December 4, 2024
This Faculty Nurse Explains How Her Work Goes Past ‘Band-Aids, Boo-Boos and Head Lice’

Many individuals consider college nurses because the individuals in a college constructing accountable for patching up a scraped knee, confirming a fever and checking college students for lice.

It’s not that they don’t do these issues. It’s that these duties are solely a really small a part of what Eva Stone views as a major function inside a college.

Stone, supervisor of district well being at Jefferson County Public Faculties, a big district in Louisville, Kentucky, with about 100,000 college students, has served as a college nurse for greater than 20 years, after working in a hospital setting and in public well being.

Faculty nurses, she notes, have extra entry to kids — seven or eight hours a day — and their households than actually some other well being care skilled. It’s distinctive, and it’s additionally filled with alternative.

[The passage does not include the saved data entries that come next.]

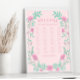 Tauchen Sie ein in die Romantik und Eleganz unseres raffinierten Plakatplakats, das mit einem exquisiten rosa und aquamarin grünen Blumenkranz geschmückt ist. Dieses Poster mit insgesamt 12 Tischen fügt Ihrer Hochzeitsdekoration eine raffinierte und stilvolle Touch hinzu.
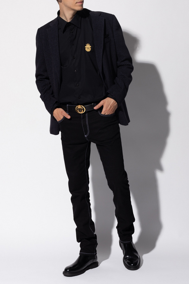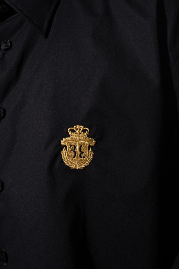 Black shirt from Billionaire. Crafted from cotton, this style showcases the brand's signature crest embroidered in gold-tone on the left chest. Button fastenings, a small leaf collar and long sleeves with button cuffs complete the look.
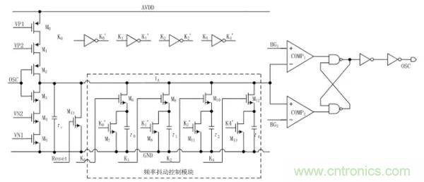 由圖1可以看出,頻率抖動(dòng)振蕩器由一個(gè)張弛振蕩器加上一個(gè)頻率抖動(dòng)模塊構(gòu)成。其工作原理:首先,開關(guān) S1閉合,電流源 I0給電容 Cc充電,充電剛開始時(shí)電容 Cc上極板的電壓小于 BG1和 BG2,RS 觸發(fā)器的輸出被置為低電平 0,當(dāng)電容上極板電壓 VA大于 BG2時(shí),RS 觸發(fā)器的輸出狀態(tài)處于保持狀態(tài),直到上極板電壓 VA大于 BG1之后 RS 觸發(fā)器的輸出翻轉(zhuǎn)被置為高電平1;此時(shí),開關(guān) S2導(dǎo)通,電流源 I1給電容Cc放電,當(dāng)VA減小到小于 BG1時(shí),RS 觸發(fā)器的輸出處于保持狀態(tài),當(dāng)VA減小到小于 BG2時(shí),RS 觸發(fā)器翻轉(zhuǎn)被置為低電平 0 ;于是,開關(guān) S1又閉合開始對(duì) Cc充電,如此周而復(fù)始,得到一個(gè)頻率固定的振蕩器。圖1中的電流源I0、 I1的電流相等,則振蕩器的占空比為 0.5。頻率抖動(dòng)控制模塊是通過計(jì)數(shù)器來周期性的切換加入到張弛振蕩器中充放電電容的大小,改變電壓 VA的充放電速度,從而來達(dá)到周期性的改變振蕩器頻率的目的,即實(shí)現(xiàn)了振蕩器頻率的抖動(dòng)。

In a big, various district, she works with kids and households who face vital obstacles to well being care — be it due to language, schooling, time or cash. The college typically can step in and assist. “We’ve got the chance to take them out of poverty, to vary the course of what the remainder of their lives will seem like,” she says.

Stone is aware of that well being is just not solely important to an individual’s well-being, it’s important to their studying and tutorial success too. That’s why college nurses, she says, are key to serving to college students get — and keep — “classroom-ready.”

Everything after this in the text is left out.